• [WHAT THIS TASK INVOLVES]:
Without the pictures, extract every line from the start of the material to the line containing "Sprouting of Primula rosea", both ends included.

• [PROVIDED MATERIAL]:
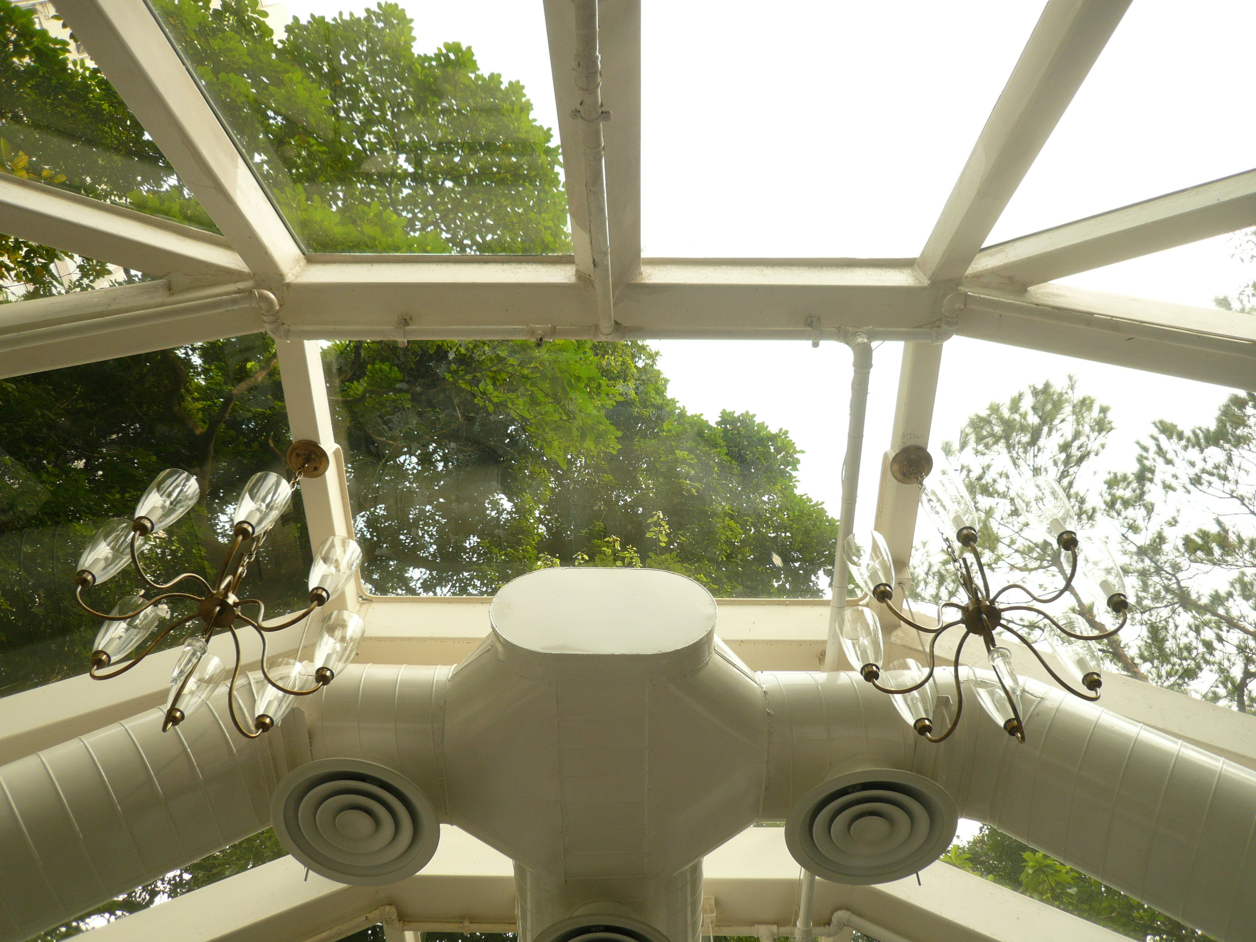 Renovation of Central Ordinance Munitions Depot
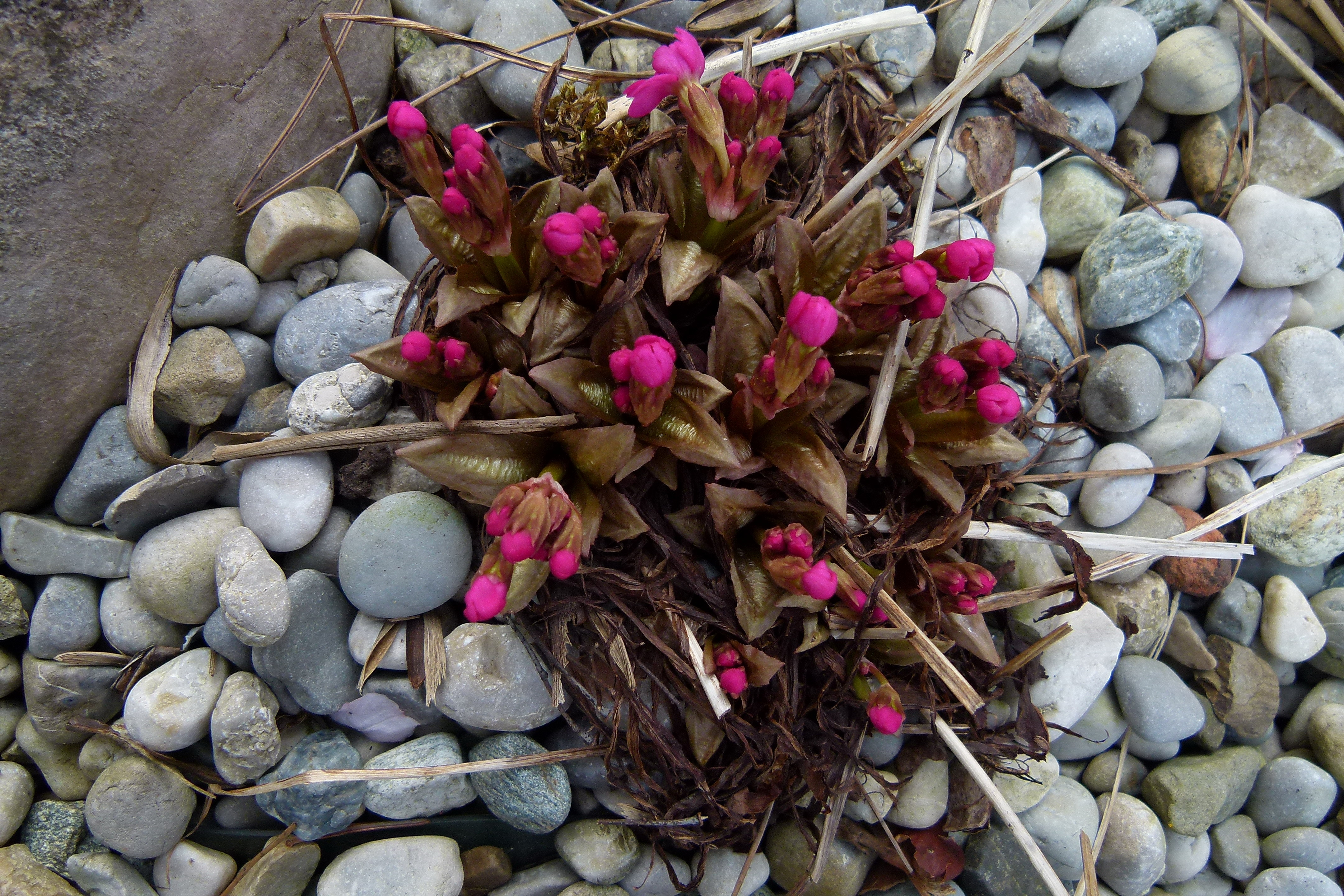 Sprouting of Primula rosea
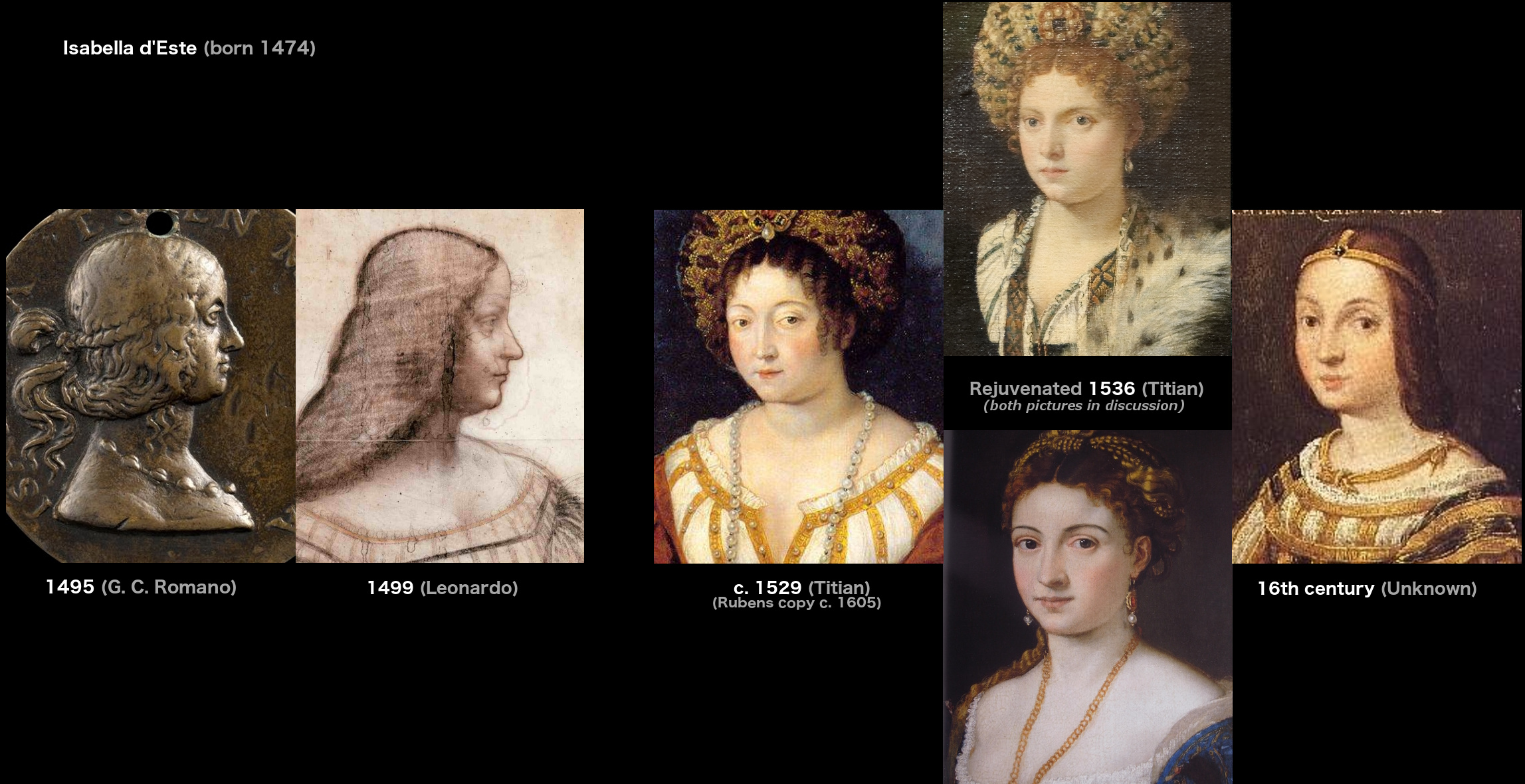 Person Isabella d’Este in portraits - Details of the pictures: Gian Cristoforo Romano – Medal / Leonardo da Vinci – Drawing / Titian (known by copy Peter Paul Rubens) – ‘Isabella in Red’ / Titian 1536 (rejuvenated) – ‚Isabella in Black’ versus ‚La Bella’ / Unknown – Ambras Miniature
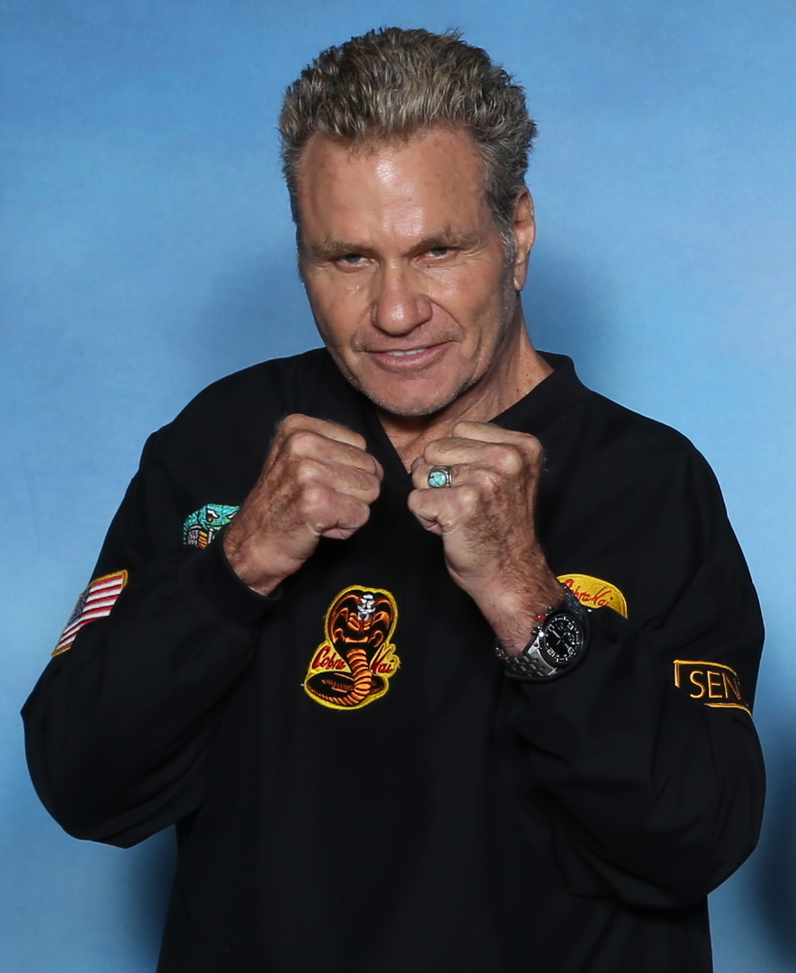 Martin Kove at GalaxyCon Richmond in 2019
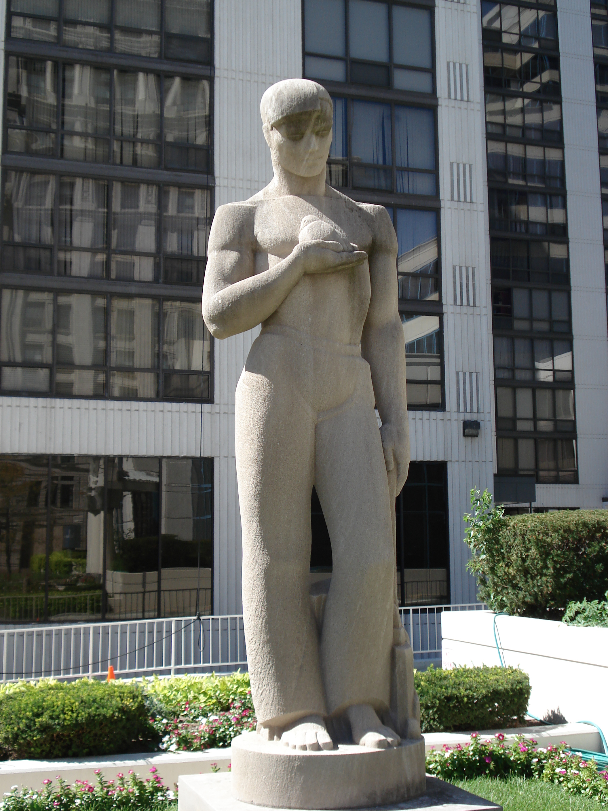 "Peace" of the Peace and Harvest statue pair, in front of the Becker Building at the corner of Main and Jefferson Streets, Peoria, Illinois. Background, left to right: east and west of the Twin Towers.
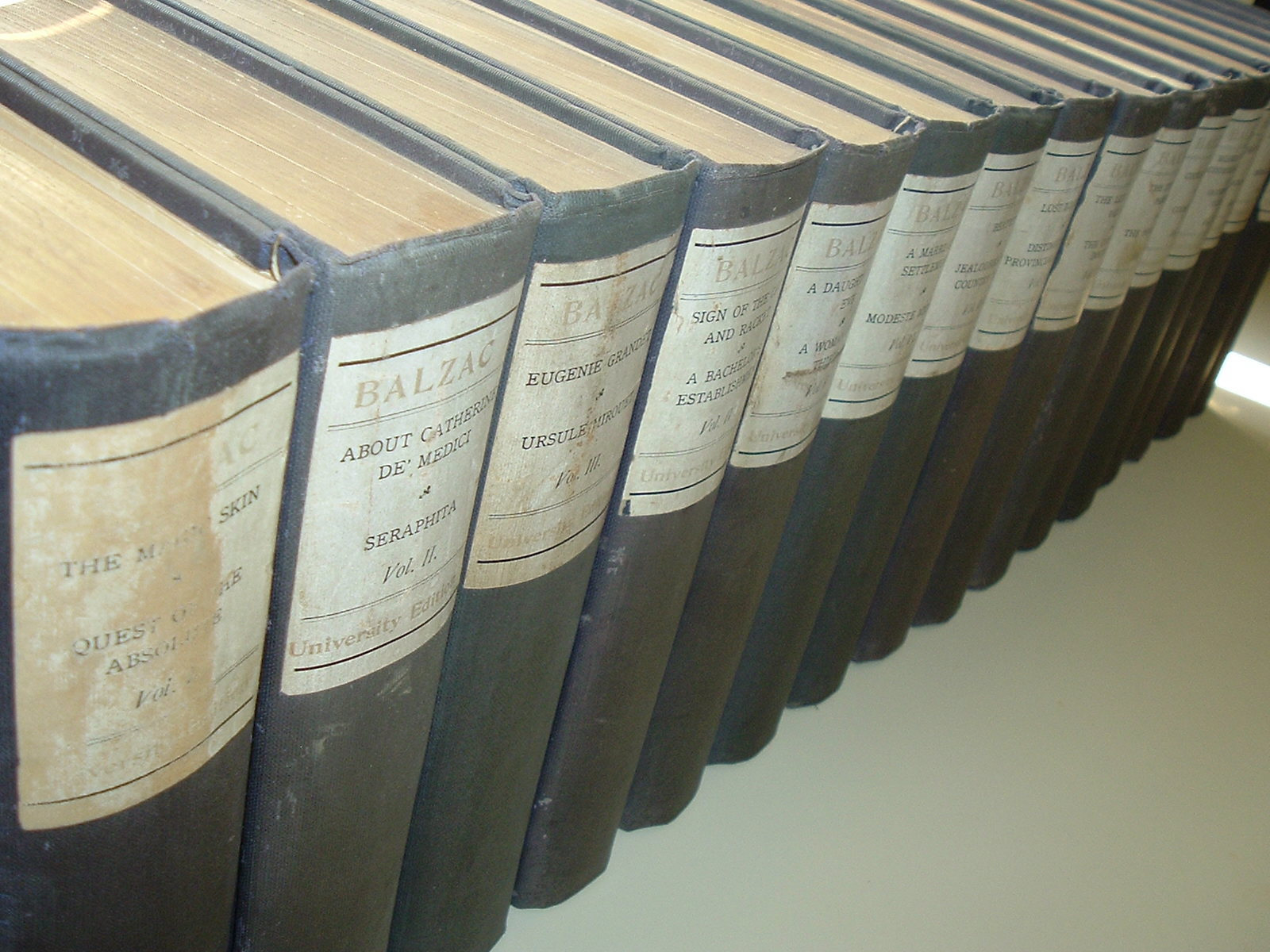 The 16-volume Works of Honoré de Balzac, including the entire Comédie humaine
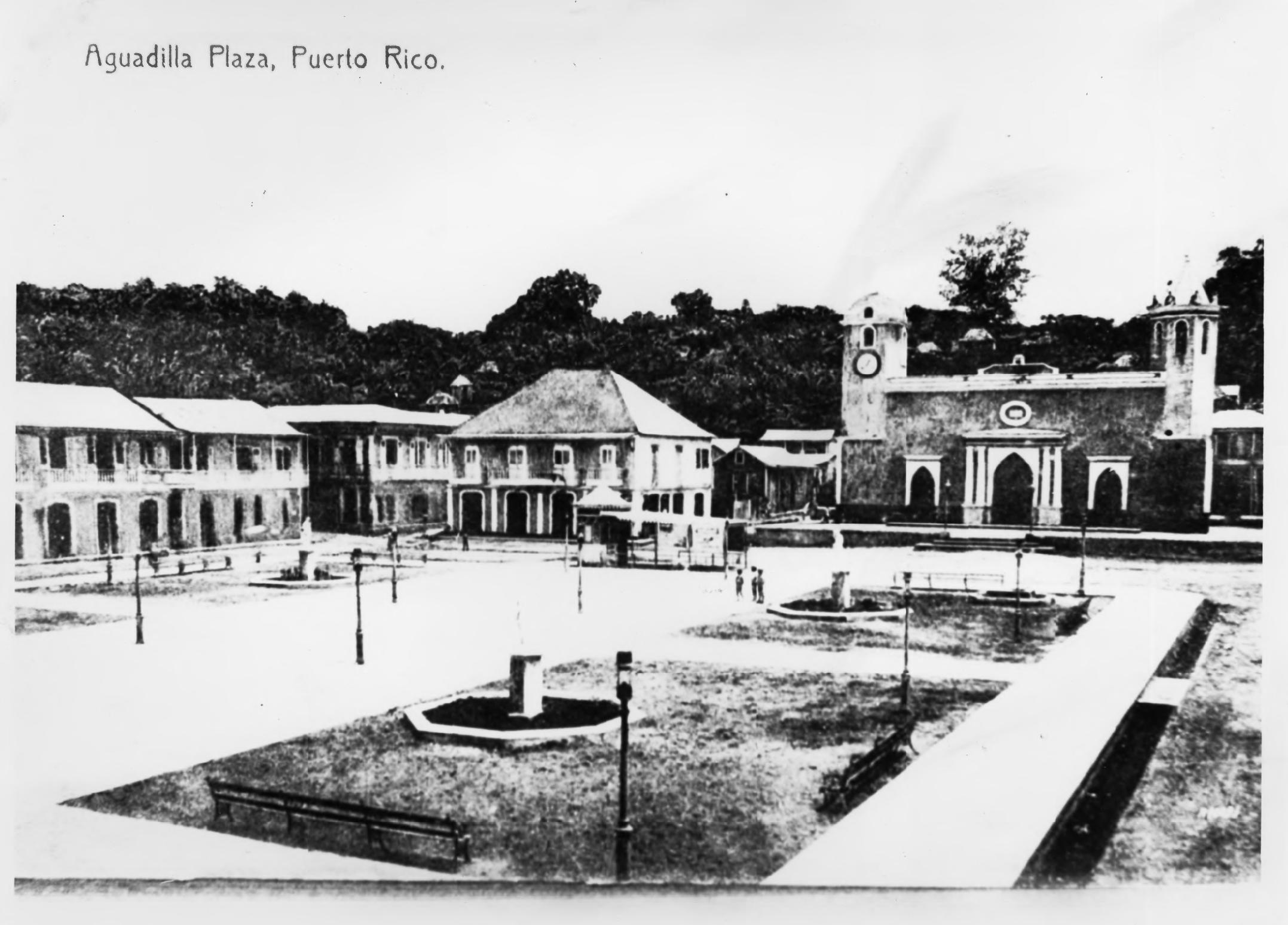 Church San Carlos Borromeo of Aguadilla

• [SOLUTION TO THIS PROBLEM]:
 Renovation of Central Ordinance Munitions Depot
 Sprouting of Primula rosea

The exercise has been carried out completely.